Retype the listing below line for line, but only from the line with "Deep V Neck" down to the line with "El centro de una", inclusive. Pictures stay out.

==== Data provided

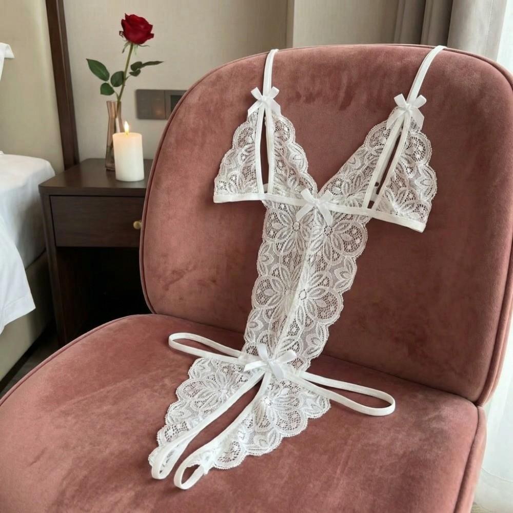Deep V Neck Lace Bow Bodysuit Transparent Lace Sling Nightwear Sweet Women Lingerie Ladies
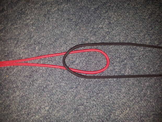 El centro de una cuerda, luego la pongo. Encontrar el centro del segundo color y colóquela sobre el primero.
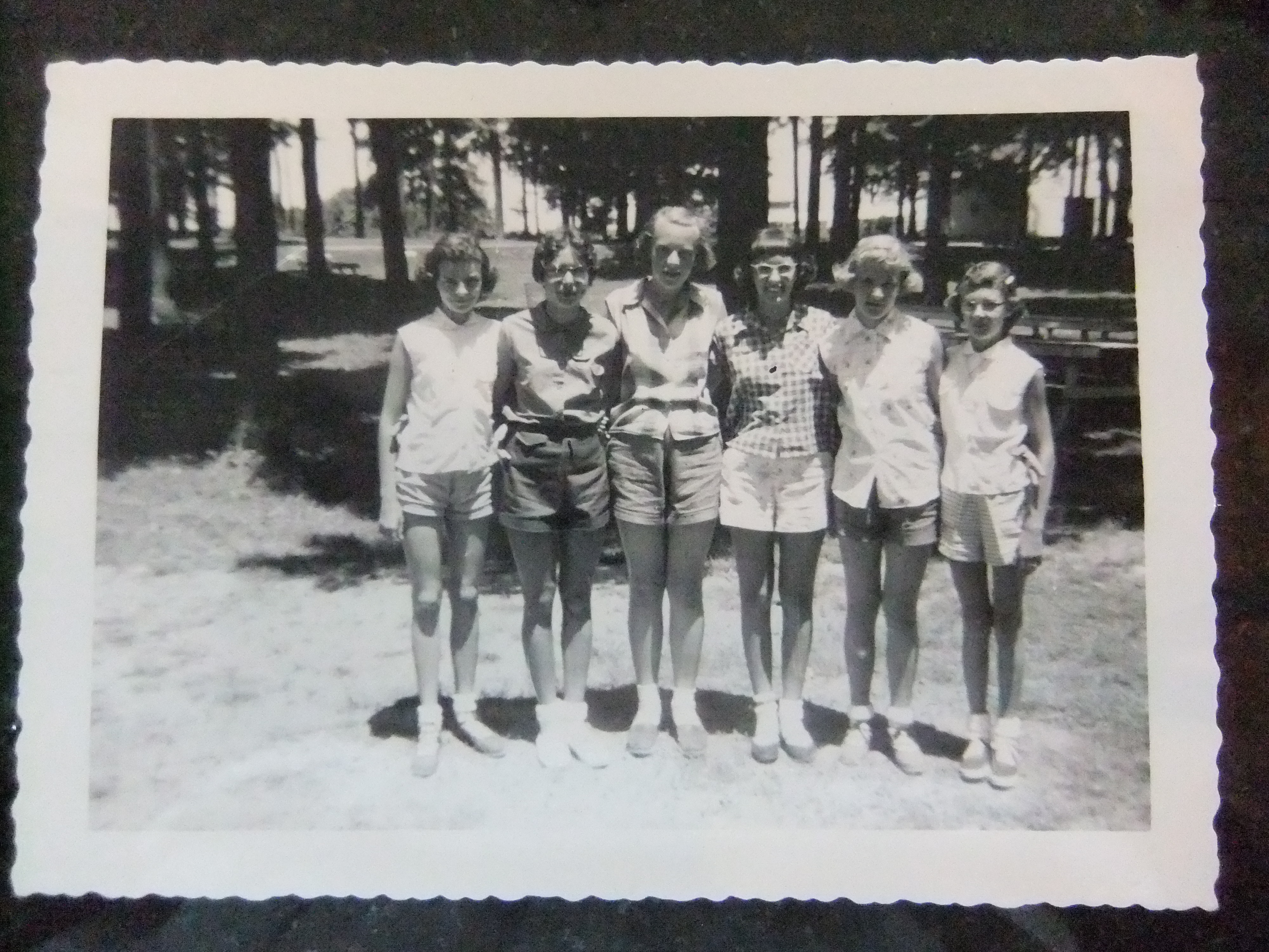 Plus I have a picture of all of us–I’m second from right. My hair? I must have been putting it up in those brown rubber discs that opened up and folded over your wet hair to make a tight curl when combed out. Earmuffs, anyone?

========
==== Data provided

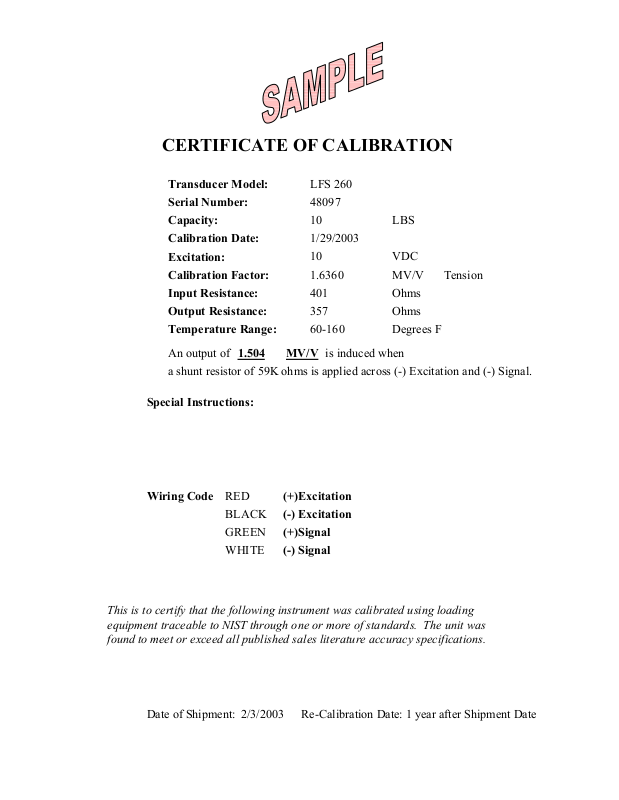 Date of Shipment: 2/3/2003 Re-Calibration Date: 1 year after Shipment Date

========
==== Data provided

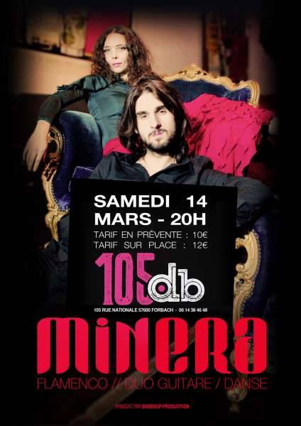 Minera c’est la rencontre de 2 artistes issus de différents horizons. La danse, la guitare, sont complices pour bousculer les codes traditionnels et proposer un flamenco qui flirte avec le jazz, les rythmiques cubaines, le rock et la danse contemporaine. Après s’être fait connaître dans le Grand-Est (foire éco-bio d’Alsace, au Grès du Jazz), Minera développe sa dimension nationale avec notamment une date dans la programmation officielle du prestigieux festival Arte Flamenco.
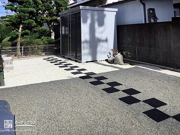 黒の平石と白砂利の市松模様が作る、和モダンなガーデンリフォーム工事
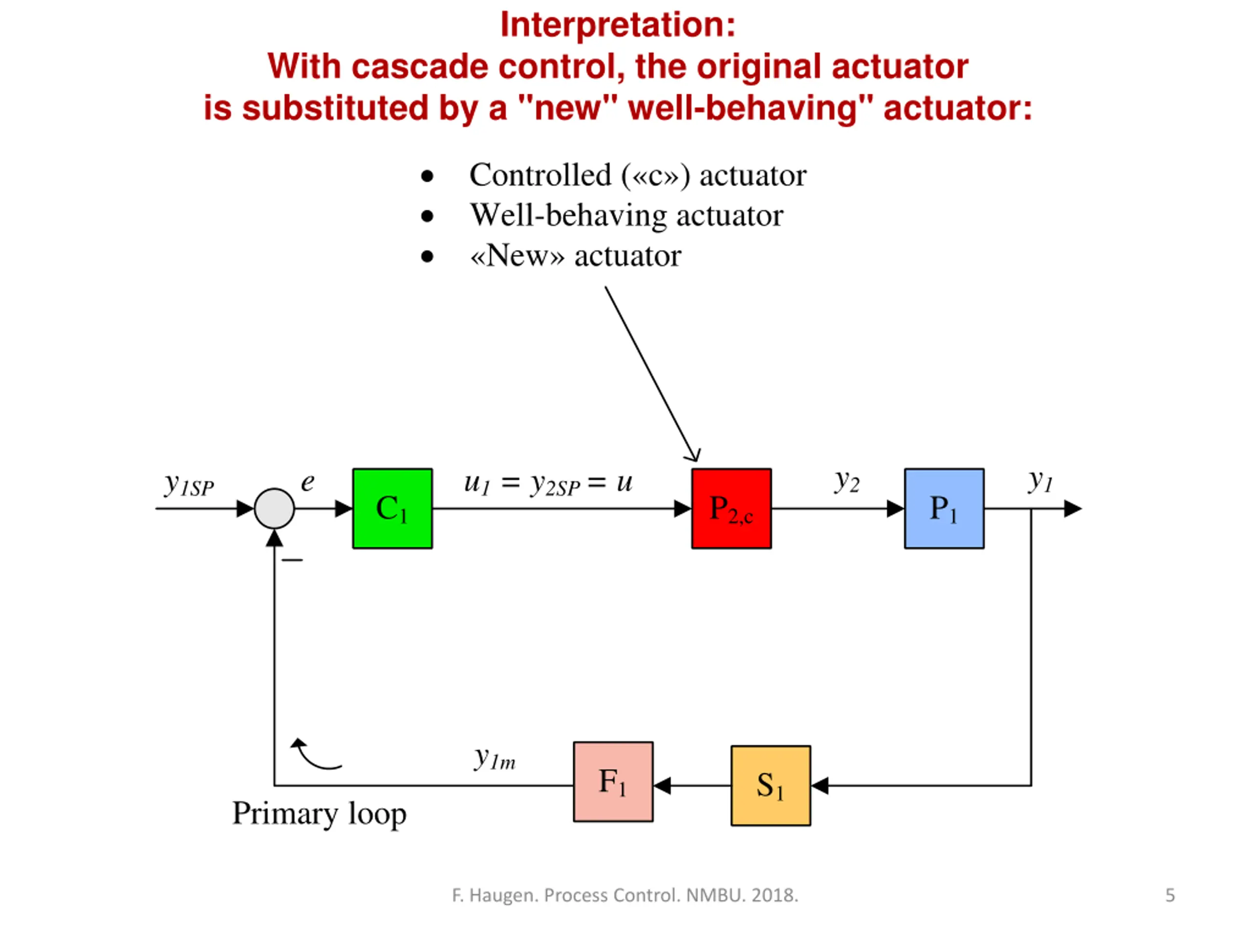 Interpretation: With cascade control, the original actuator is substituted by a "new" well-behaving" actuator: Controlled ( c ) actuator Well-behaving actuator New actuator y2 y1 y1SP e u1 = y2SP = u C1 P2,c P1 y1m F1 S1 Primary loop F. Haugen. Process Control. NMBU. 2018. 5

========

▸ **Exercise output**:
Deep V Neck Lace Bow Bodysuit Transparent Lace Sling Nightwear Sweet Women Lingerie Ladies
 El centro de una cuerda, luego la pongo. Encontrar el centro del segundo color y colóquela sobre el primero.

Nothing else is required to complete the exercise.